We two were curiously quiet. "No, I suppose there is no good in talking now." We stood there, as yet, hand in hand. The mirror was candid. "Oh, Signorina, I want to laugh as God laughs, and I cannot!"
3
But I lack the heart to set down all that brief and dreary talk of ours. How does it matter what we said? We two at least knew, even as we talked, that all we said meant in the outcome, nothing. Yet we talked awhile and spoke, I think, quite honestly.
She was not unhappy; and there were inbred Lichfeldian traditions which prompted me to virtuous indignation over her defects in remorse and misery.
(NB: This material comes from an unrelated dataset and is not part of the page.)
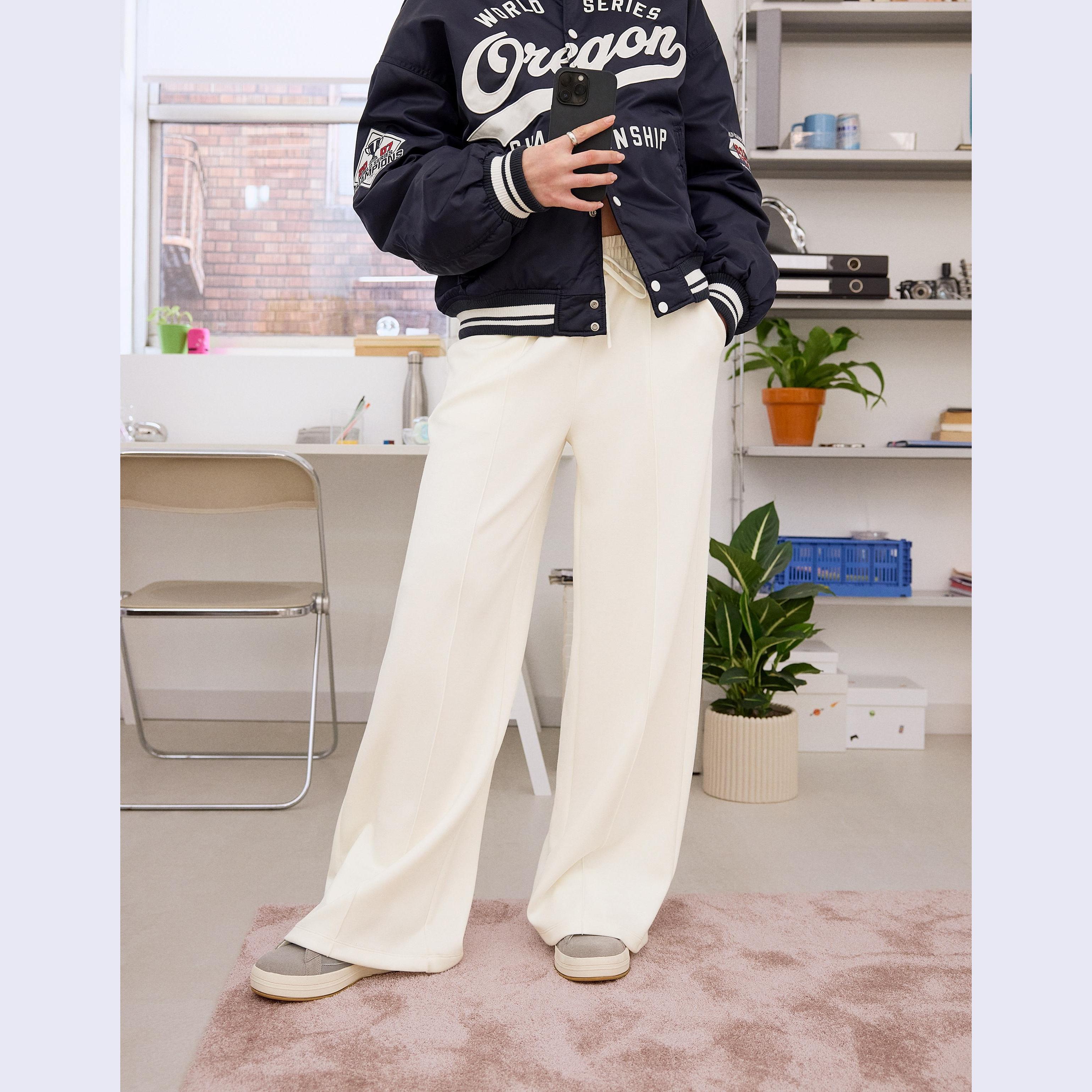 Bershka – بنطلون واسع بخامة ناعمة للفتيات بلون كريمي
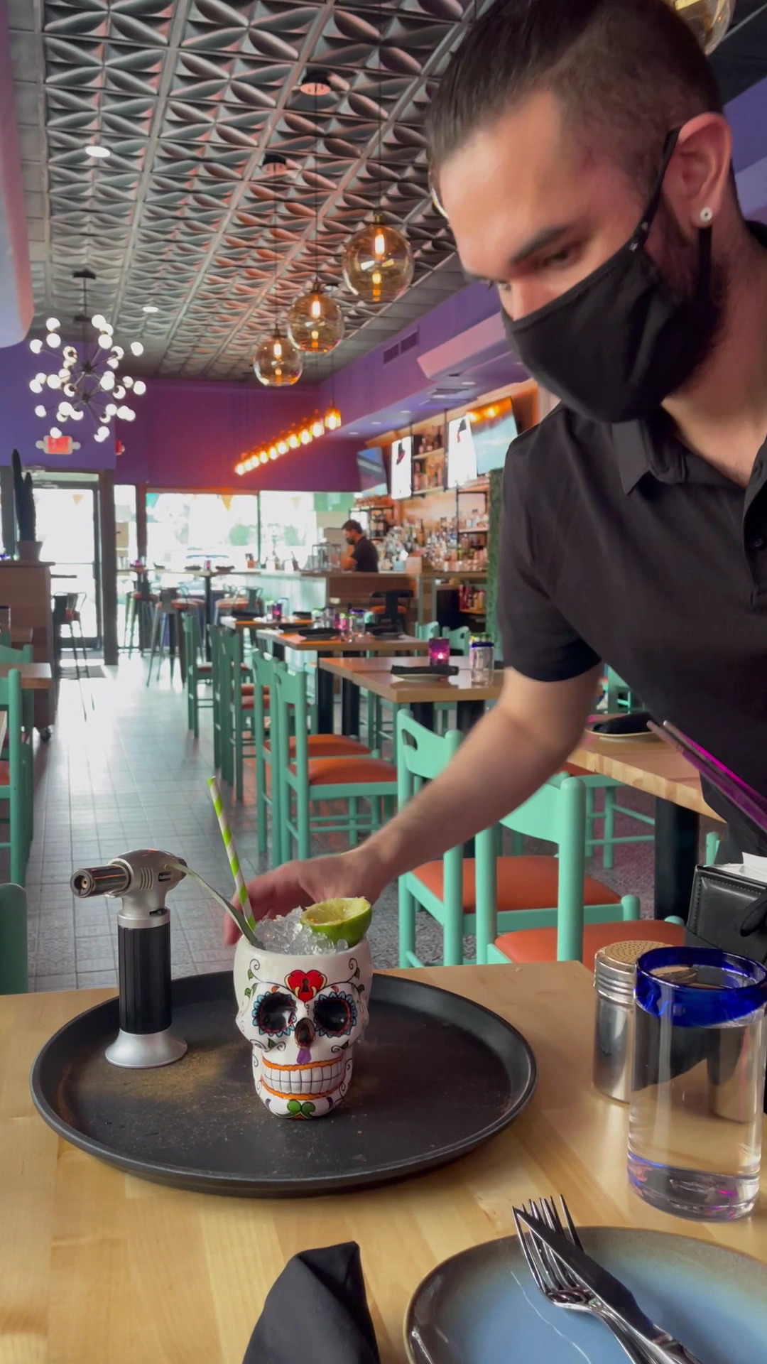 If I could give this place negative five stars that would have been better. I will try to summarize the most horrible restaurant experience of my life, quickly. It was my one of my best friend's birthday and it was 5 of us girls going out we are in our early 30's, she chose this place because 1 it was close to home, and 2 we all love Mexican and why not find new spot and support new local small business. She made a reservation for this past Saturday at 7:30pm. The hostesses were very sweet when arriving they said hello and welcomed us brought us to our seats. We were seated in the back at the end towards the kitchen. The place we beautifully decorated like most Mexican restaurants and seemed like such a cute vibe, although very small in the inside, very cute. So after a few minutes our waitress arrives, asked us what we would like to drink, if she could start us off with drink, we all put in our drink order, music was a little loud so we kind of had to shout a bit but it was too much of a big deal. So when our drink finally came, my friend asked her is we can get a straws for the table, because we all did not feel comfortable to place our mouths directly on the glass, we waited and we waited 5 minutes pass by no straws, we tried to get her attention, still nothing at this point we asked another random waitress if she could get straws for the table, because our waitress forgot and hasn't come back, and if she knew who our waitress was if she could please get her for us that we were ready to order. (RED FLAG 1) she was so sweet she came right back with with the straws and said that the waitress was on her way. A few minutes later finally out waitress shows up, we tell her that were ready to order we all take our turn placing our orders. One of us pics and appetizer as an appetizer but however it never came out as an appetizer it came out together with her meal (RED FLAG 2). Then when our meal finally comes out I was shocked!!!! to the point I had to revisit the menu to make sure I did not order off the appetizer/ maybe tapas sections. I ordered Tacos al pastor one of my girlfriends the beef tacos my other girl friend chicken tacos, our mouths dropped, while they looked good 1. they were too small and not filled enough very skimpy and 2 THERE WAS ONLY 2 TACOS! Never in my life have I ever been served ONLY 2 TACOS! (RED FLAG 3) Rule of thumb in every Mexican restaurants is 3 to 4 tacos! Okay so after the shocked left, The Taste, Decent/Good Had Wayyyy Better, but it wasn't bad lacked a little in flavor and all of the other girls stated the same about there meals. Rewind to the Drinks, so one of my girlfriends orders this flaming skull drink she saw on Instagram, when it came out so cool she thought, or so we thought, she said the taste was absolutely horrible it was like a sweet bowl of sugar, My other girlfriend ordered a drink that came in a little birdie glass and when I say little birdie glass little like two small sips and your DONE, like are you kidding me the drink was $13-$14 for 2 small sips I kid you not this drink was TINY! (RED FLAG 4). My 5 year old also came with us and when I asked if they had a kid menu they said no(okayyyyy) that's fine weird but that's fine is what I thought to myself. She ordered to make my daughter a quesadilla, I told her that would be great I ordered it with chicken and cheese. Ready for RED FLAG 5!) when you think of a quesadilla don't you think of a flat round disc cut into 4 well now knowing that they only gave 2 SMALL TACOS NOT EVEN FILLED. There was no quesadilla, what they did was they took a blue corn tortilla of the same size of out tiny taco and they stuffed it with chicken and cheese they did not really flatten it and that's it it was no round disc cut into 4 it was 1 taco they called a quesadilla so technically half the size of what a quesadilla is suppose to be but get this KIDS "QUEDDILLIA FOR DOUBLE THE PRICE OF MY 2 BABY NO FILLED TACOS! I KID YOU NOT I WISH IS WAS...

There were my memories, too.
"I don't sing very well, of course, but then I'm not dependent on my singing, you know. Oh, why not be truthful? And Von Anspach always sees to it I get the tendered of criticism—in print. And, moreover, I've a deal put by. I'm a miser, he says, and I suppose I am, because I know what it is to be poor. So when the rainy day comes—as of course it will,—I'll have quite enough to purchase a serviceable umbrella. Meanwhile, I have pretty much everything I want. People talk of course, but it is only on the stage they ever drive you out into a snow-storm. Besides, they don't talk to me."